Question

Perimeter of a rectangle is 500 cm. How do you find the maximum area of the rectangle? What is the length and the width?

Answer 1

$$
P=2x+2y=5m\\
A=x\times y\\
x>0\\
y>0
$$
We need to maximize A subject to P.
$$
2y = 5-2x\\
y=\cfrac{5}{2}-x\\
A=x\times y=x\times (\cfrac{5}{2}-x)=\cfrac{5}{2}x-x^2\\
$$
Where \(P \) is Perimiter and \(A\) is Area.

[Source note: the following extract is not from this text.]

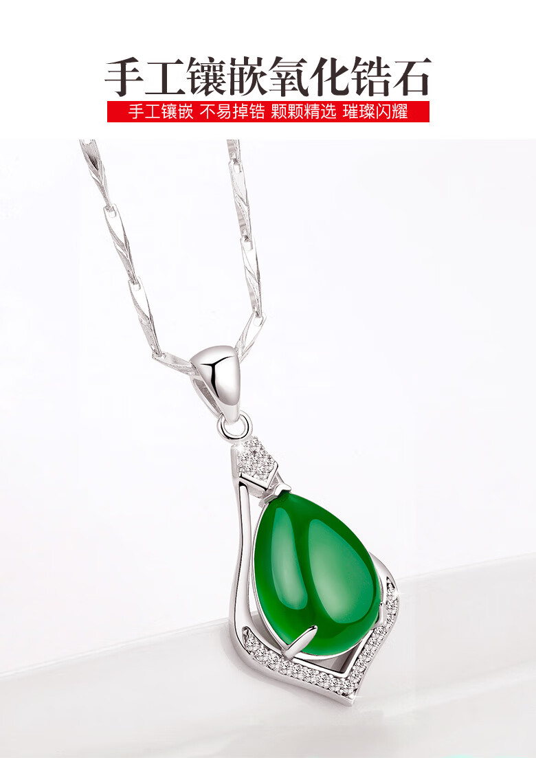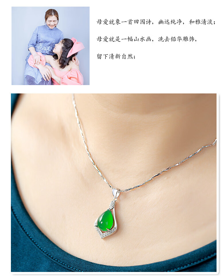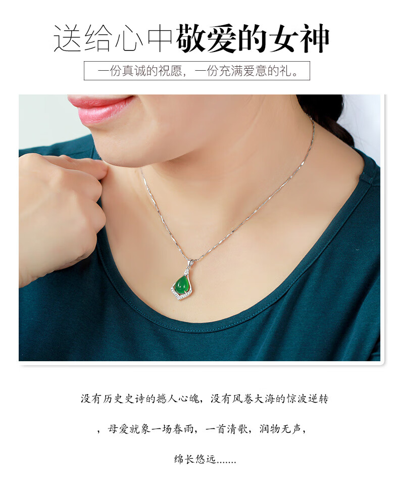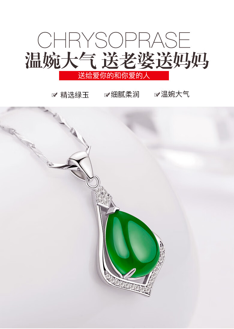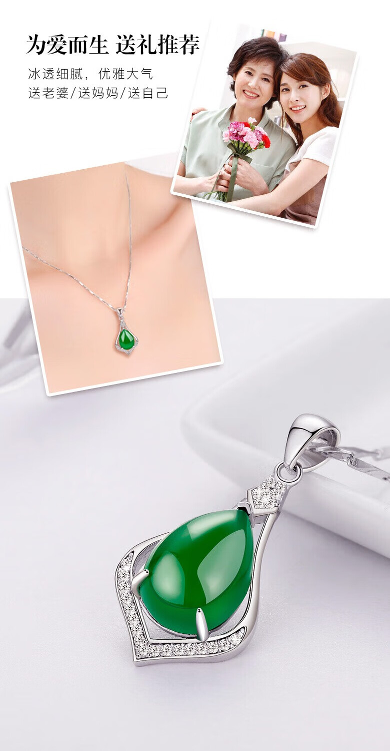 Love 925 sterling silver necklace for mothers, clavicle chain, green chalcedony silver pendant, agate pendant, birthday gift for wife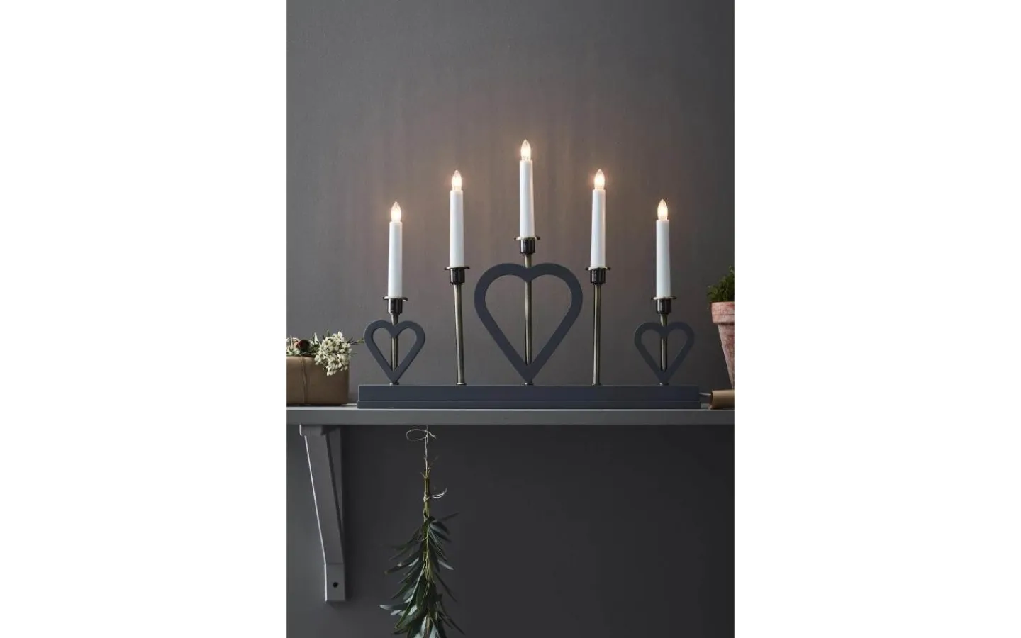 Vackra adventsljusstaken Melissa, från välkända Markslöjd, är en söt adventsljusstake med stomme i grått trä kombinerat med 5 ljushållare i mässing med en antik finish. Med sin höjd på 36 cm och smala djup på endast 5 cm passar julljusstaken Melissa precis lika bra i fönsterkarmen som på ett sidobord.

To maximize A, take derivative and set equal to zero:
$$
\cfrac{d A}{dx}=\cfrac{d}{dx}\left(\cfrac{5}{2}x-x^2 \right)=\cfrac{5}{2}-2x=0\\
\implies 2x=\cfrac{5}{2}\implies x=\cfrac{5}{4}\\
\implies A=\cfrac{5}{2}\cfrac{5}{4}-\left(\cfrac{5}{4}\right )^2\\
\qquad \qquad = \cfrac{25}{8}-\cfrac{25}{16}=\cfrac{25\times 2-25}{16}=\cfrac{25}{16}
$$
Therefore, the maximum area is \(\cfrac{25}{16}~m^2\).